Хадад посмотрел на сидевшего с безучастным лицом Дитера, а потом снова повернулся к Татьяне:
— Разумеется, вы правы, госпожа Ильюшина, но мы вынуждены настаивать на том, чтобы по этому вопросу была достигнута совершенно четкая договоренность.
— Безусловно… Мы хотим совместно с вами предложить репатриацию всем желающим. Им будет предоставлено бесплатное перемещение членов семей и личного имущества. Республика готова компенсировать репатриируемым утраченные капиталовложения и недвижимое имущество, если Земная Федерация поступит таким же образом. Расходы по репатриации и перемещению в равной степени возьмут на себя оба правительства. Вас это устраивает?
— В таком виде мы, безусловно, можем представить ваше предложение на одобрение в Палату Миров. Но остается еще решить вопрос конфискованной собственности и ущерба в результате военных действий.
— Война есть война! — возразила Татьяна. — Если имущество не было застраховано, ущерб, нанесенный военными действиями, к сожалению, не подлежит возмещению. Что же касается конфискованного имущества, — добавила она, одарив Хадада такой зловещей улыбкой, что у того застыла кровь в жилах, — Республика Свободных Землян опять-таки готова пойти вам навстречу. Мы хотим предложить, чтобы наши правительства компенсировали своим гражданам эти убытки.

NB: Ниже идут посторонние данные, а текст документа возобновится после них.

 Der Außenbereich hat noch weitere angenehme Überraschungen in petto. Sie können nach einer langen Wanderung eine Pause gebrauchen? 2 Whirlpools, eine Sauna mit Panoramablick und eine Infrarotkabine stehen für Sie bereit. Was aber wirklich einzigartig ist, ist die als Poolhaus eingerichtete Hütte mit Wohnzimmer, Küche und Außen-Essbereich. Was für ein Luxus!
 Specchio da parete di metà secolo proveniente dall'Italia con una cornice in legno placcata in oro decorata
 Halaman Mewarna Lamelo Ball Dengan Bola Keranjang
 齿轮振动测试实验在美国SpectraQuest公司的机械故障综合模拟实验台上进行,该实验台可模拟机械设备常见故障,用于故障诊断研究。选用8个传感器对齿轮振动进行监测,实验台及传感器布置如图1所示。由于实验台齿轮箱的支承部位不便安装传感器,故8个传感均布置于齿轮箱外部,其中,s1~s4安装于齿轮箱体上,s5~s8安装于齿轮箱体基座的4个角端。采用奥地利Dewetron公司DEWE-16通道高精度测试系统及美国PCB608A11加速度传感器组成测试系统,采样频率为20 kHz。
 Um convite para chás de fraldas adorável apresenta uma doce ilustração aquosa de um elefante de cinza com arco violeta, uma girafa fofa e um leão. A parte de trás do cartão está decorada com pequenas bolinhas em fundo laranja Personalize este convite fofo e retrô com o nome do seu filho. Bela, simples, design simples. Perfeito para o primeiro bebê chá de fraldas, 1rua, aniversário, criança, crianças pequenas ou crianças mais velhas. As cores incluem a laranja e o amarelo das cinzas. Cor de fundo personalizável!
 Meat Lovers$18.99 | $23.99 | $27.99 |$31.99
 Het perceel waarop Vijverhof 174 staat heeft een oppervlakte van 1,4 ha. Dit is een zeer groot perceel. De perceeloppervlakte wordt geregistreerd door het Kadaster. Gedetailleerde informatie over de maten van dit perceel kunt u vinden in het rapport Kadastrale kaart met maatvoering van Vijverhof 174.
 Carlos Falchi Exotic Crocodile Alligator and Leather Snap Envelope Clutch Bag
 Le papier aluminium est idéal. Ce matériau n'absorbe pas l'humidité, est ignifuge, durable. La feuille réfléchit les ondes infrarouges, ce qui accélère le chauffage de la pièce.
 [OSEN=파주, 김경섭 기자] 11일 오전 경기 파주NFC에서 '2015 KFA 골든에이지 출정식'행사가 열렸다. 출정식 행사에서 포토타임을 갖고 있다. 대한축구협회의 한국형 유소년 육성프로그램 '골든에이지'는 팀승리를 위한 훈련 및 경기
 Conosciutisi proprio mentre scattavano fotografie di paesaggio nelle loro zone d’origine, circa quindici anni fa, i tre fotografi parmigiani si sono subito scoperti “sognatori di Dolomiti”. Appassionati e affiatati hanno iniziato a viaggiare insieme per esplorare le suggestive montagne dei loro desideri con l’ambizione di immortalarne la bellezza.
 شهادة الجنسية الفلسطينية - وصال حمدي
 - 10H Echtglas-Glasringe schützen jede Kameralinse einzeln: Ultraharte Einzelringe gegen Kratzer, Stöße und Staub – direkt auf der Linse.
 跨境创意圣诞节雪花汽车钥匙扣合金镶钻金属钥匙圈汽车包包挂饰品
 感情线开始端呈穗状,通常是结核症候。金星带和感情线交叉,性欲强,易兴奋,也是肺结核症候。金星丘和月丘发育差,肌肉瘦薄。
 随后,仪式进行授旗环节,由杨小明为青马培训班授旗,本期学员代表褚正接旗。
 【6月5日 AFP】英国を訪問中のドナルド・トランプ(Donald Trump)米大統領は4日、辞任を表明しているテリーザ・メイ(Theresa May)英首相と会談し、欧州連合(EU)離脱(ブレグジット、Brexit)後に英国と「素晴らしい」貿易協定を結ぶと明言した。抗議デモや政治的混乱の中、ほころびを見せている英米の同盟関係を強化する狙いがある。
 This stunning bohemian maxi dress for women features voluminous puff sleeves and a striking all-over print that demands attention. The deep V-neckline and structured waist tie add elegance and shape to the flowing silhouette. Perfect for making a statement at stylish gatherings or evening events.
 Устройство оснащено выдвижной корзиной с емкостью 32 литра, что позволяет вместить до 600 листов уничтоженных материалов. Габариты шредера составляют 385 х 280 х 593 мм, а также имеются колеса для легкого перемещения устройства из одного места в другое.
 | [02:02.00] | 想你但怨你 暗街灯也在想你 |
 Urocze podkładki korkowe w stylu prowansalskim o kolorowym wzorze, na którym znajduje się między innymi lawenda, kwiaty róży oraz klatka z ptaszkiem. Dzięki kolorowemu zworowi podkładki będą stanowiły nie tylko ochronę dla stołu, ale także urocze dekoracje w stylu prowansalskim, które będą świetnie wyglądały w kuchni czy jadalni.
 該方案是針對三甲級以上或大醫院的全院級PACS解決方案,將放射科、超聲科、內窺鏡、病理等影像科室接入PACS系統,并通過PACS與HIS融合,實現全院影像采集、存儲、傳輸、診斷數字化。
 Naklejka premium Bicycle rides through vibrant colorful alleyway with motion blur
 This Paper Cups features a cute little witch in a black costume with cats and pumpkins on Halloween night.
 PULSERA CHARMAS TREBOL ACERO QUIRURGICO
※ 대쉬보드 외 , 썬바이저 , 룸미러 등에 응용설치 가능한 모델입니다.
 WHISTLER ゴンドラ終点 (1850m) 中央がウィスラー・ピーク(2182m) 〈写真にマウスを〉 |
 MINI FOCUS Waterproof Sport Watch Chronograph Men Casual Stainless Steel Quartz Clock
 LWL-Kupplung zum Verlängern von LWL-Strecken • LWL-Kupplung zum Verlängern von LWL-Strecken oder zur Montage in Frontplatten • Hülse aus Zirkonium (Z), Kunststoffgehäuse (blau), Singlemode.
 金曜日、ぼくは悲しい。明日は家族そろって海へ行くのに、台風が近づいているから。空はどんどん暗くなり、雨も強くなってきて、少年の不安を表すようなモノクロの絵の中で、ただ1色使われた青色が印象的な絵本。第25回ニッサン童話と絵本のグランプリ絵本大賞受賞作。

Сказав это, Татьяна с торжествующим видом откинулась в кресле. Министр финансов в правительстве Дитера издала сдавленный хрип. Ладислав усмехнулся, увидев, как помрачнел Хадад, а Сандерс одарил Татьяну широченной белозубой улыбкой.
— Но вы же… вы же захватили имущества на сумму больше двух триллионов кредитов! — взвыла Аманда Сайдон. — А стоимость имущества, конфискованного Федерацией, составляет меньше трех процентов от этой цифры!
— На самом деле, — сказала Татьяна с милой улыбкой, — стоимость собственности, захваченной Федерацией, составляет около шестидесяти семи миллиардов кредитов, а стоимость собственности, экспроприированной Республикой, определенная для целей налогообложения, — (Дитер поморщился, подумав о том, что собственники-«индустриалы» всегда занижали стоимость своих активов в Дальних Мирах по меньшей мере вдвое, чтобы платить поменьше налогов), — составляет два триллиона триста семьдесят два миллиарда кредитов. Правительство Республики Свободных Землян постановило, что собственность граждан Земной Федерации будет экспроприирована только в том случае, если Земная Федерация будет экспроприировать собственность ее граждан. — Татьяна с очаровательной улыбкой пожала плечами. — Ввиду того что, принимая закон об экспроприации Сайдона-Вальдека, Законодательное собрание Земной Федерации было уже знакомо с этим постановлением, нам пришлось сделать вывод, что Федерация решила пойти путем взаимной экспроприации. Поэтому…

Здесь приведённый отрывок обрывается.